### [TO DO]
Output all of the lines below exactly, and leave out each image.
───── DATA BLOCK
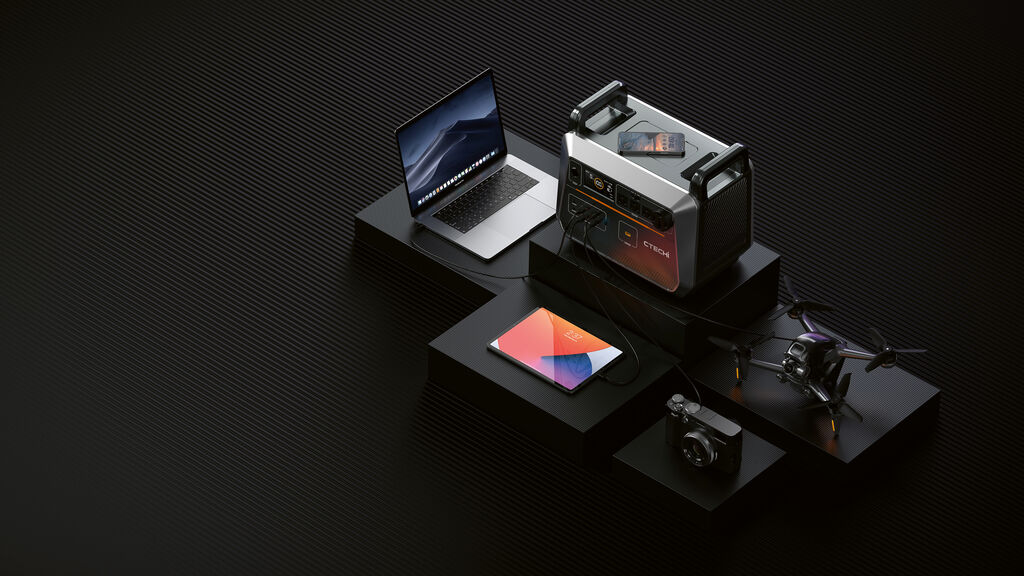 The ST3000 is a portable power station with switchable voltage for versatile applications. Its compact shape with two integrated handles makes it easy to transport and blends into various environments, both functionally and aesthetically. An ergonomic LCD display integrated into the handle shows real-time data on power consumption and output power. The ST3000 can be fully charged from the mains in around two hours and can also be charged from solar power. A 2,000-watt inverter ensures broad device compatibility.
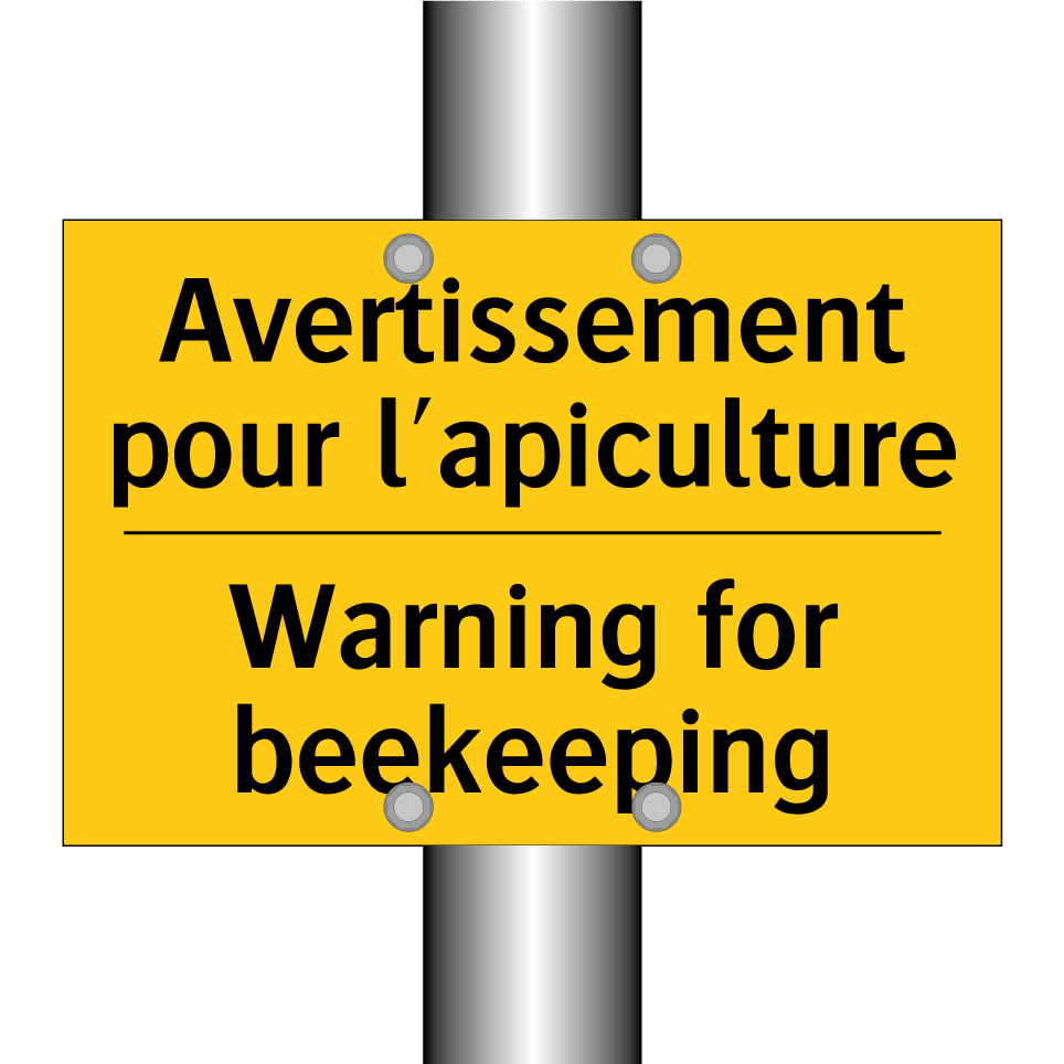 Panneau d'avertissement bilingue avec texte en français : "Avertissement pour l'apiculture", et en anglais : "Warning for beekeeping"
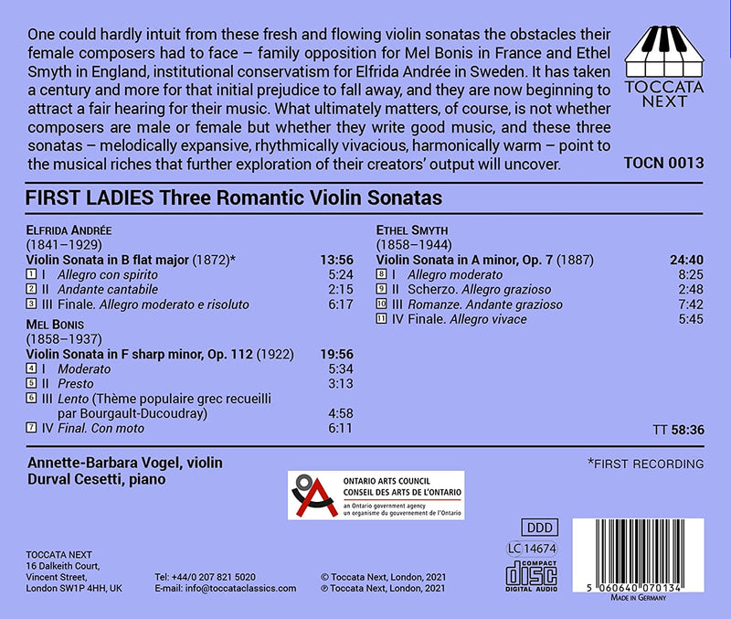 On SaleToccataFirst Ladies - Three Romantic Violin Sonatas / Vogel, Cesetti
──────────
### [WRITTEN SOLUTION]
 The ST3000 is a portable power station with switchable voltage for versatile applications. Its compact shape with two integrated handles makes it easy to transport and blends into various environments, both functionally and aesthetically. An ergonomic LCD display integrated into the handle shows real-time data on power consumption and output power. The ST3000 can be fully charged from the mains in around two hours and can also be charged from solar power. A 2,000-watt inverter ensures broad device compatibility.
 Panneau d'avertissement bilingue avec texte en français : "Avertissement pour l'apiculture", et en anglais : "Warning for beekeeping"
 On SaleToccataFirst Ladies - Three Romantic Violin Sonatas / Vogel, Cesetti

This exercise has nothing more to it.